4

I have a server running backups from various servers concurrently and get a lot of "Write IO Wait time" warnings. Is it possible to silence the warning of a single plugin on a single host?

I think it is for diskstats_latency.avgwrwait.

Dax
  • 294
  • 2
  • 11

1 Answers1

4

You don't say how you have munin reporting, which makes this difficult to answer. I'll assume you have it sending emails directly, with something like this in munin.conf:

contact.dax.command mail -s "Munin notification" dax@example.com

If this is so, the only way I know to silence a single alert is to tell munin that it's not a problem by raising the limits, with eg

[host.example.com]
    diskstats_latency.avgwrwait.warning    100000000000
    diskstats_latency.avgwrwait.critical   200000000000

The underlying problem is that munin is a great at quantitative monitoring, but rather poor at notification handling. It lacks controls to temporarily silence particular alerts, notify through certain channels only at certain times of day, schedule downtime periods, and/or escalate to higher-tier contacts if problems continue. Most people I know who run munin (including me) have it reporting into NAGIOS, which has a vastly more sophisticated notification engine that can do all of the above.
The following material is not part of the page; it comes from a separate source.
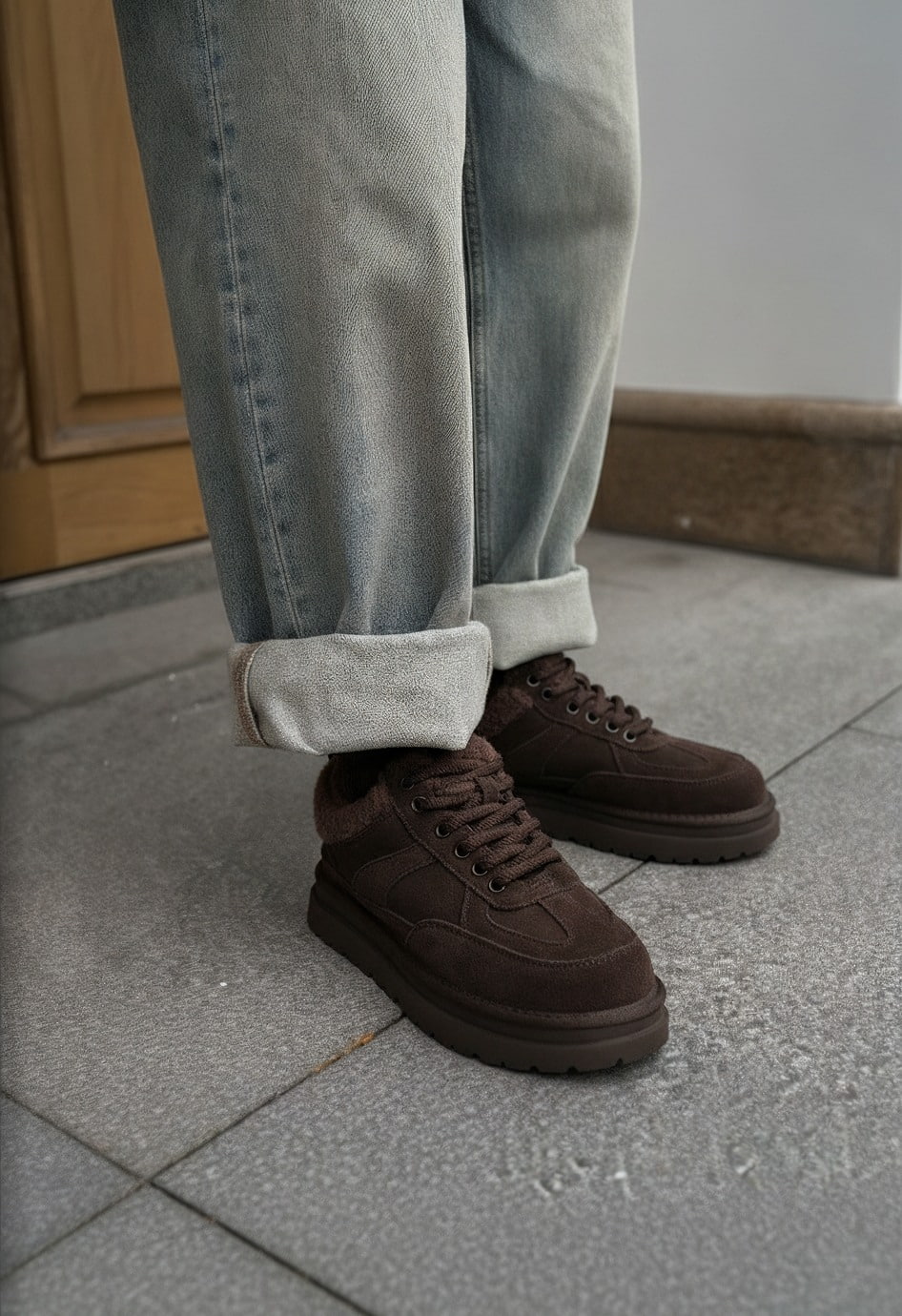 Кроссовки в коричневом цвете – идеальный вариант для тех, кто предпочитает практичную и стильную обувь на каждый день. Благодаря жесткой подошве модель отличается устойчивостью и долговечностью, а округлый мысок обеспечивает свободу движений и комфорт при ходьбе. Выполненные из мягкой натуральной замши, они выглядят изысканно и при этом отлично держат форму, в то время как внутренняя отделка из натуральной шерсти дарит тепло и уют даже в прохладную погоду. Удобная шнуровка позволяет точно регулировать посадку, коричневая фурнитура гармонично дополняет дизайн. Аккуратная платформа придает образу современное внешний вид и легкость.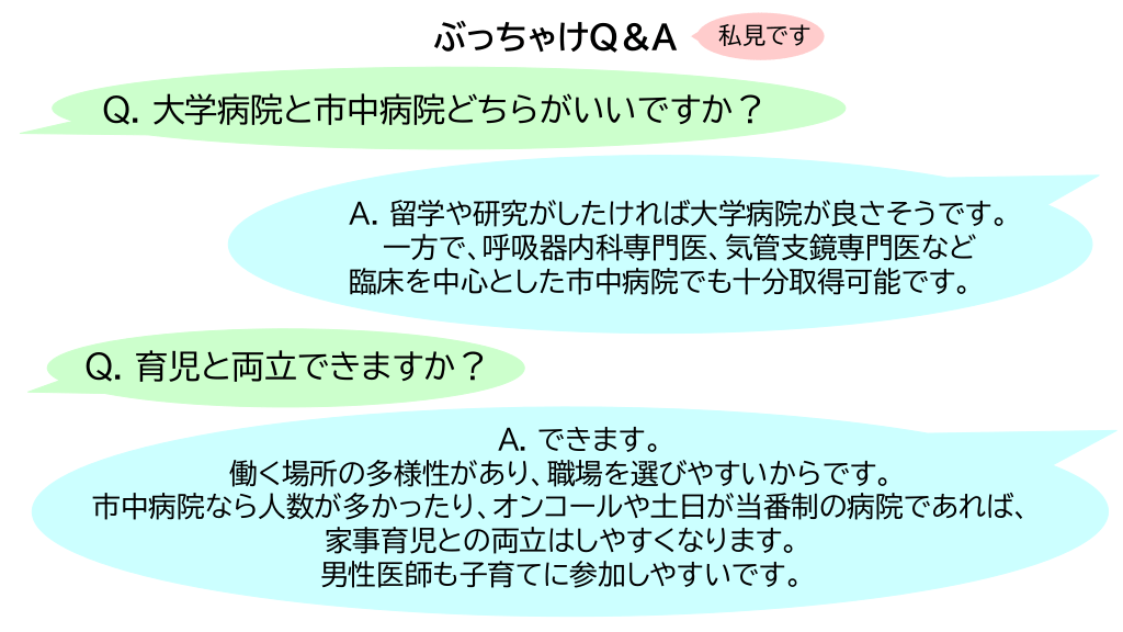 #21. ぶっちゃけQ&A 私見です Q. 大学病院と市中病院どちらがいいですか? A. 留学や研究がしたければ大学病院が良さそうです。 一方で、呼吸器内科専門医、気管支鏡専門医など 臨床を中心とした市中病院でも十分取得可能です。 Q. 育児と両立できますか? A. できます。 働く場所の多様性があり、職場を選びやすいからです。 市中病院なら人数が多かったり、オンコールや土日が当番制の病院であれば、 家事育児との両立はしやすくなります。 男性医師も子育てに参加しやすいです。

If you have this setup, you can acknowledge the error in NAGIOS (silence notifications until the next time it returns to normal), or have your backup script schedule a period of downtime for the service that lasts about the length of the backups, or even have the script start by disabling notifications for that service, and re-enabling them as it finishes.

MadHatter
  • 79,770
  • 20
  • 184
  • 232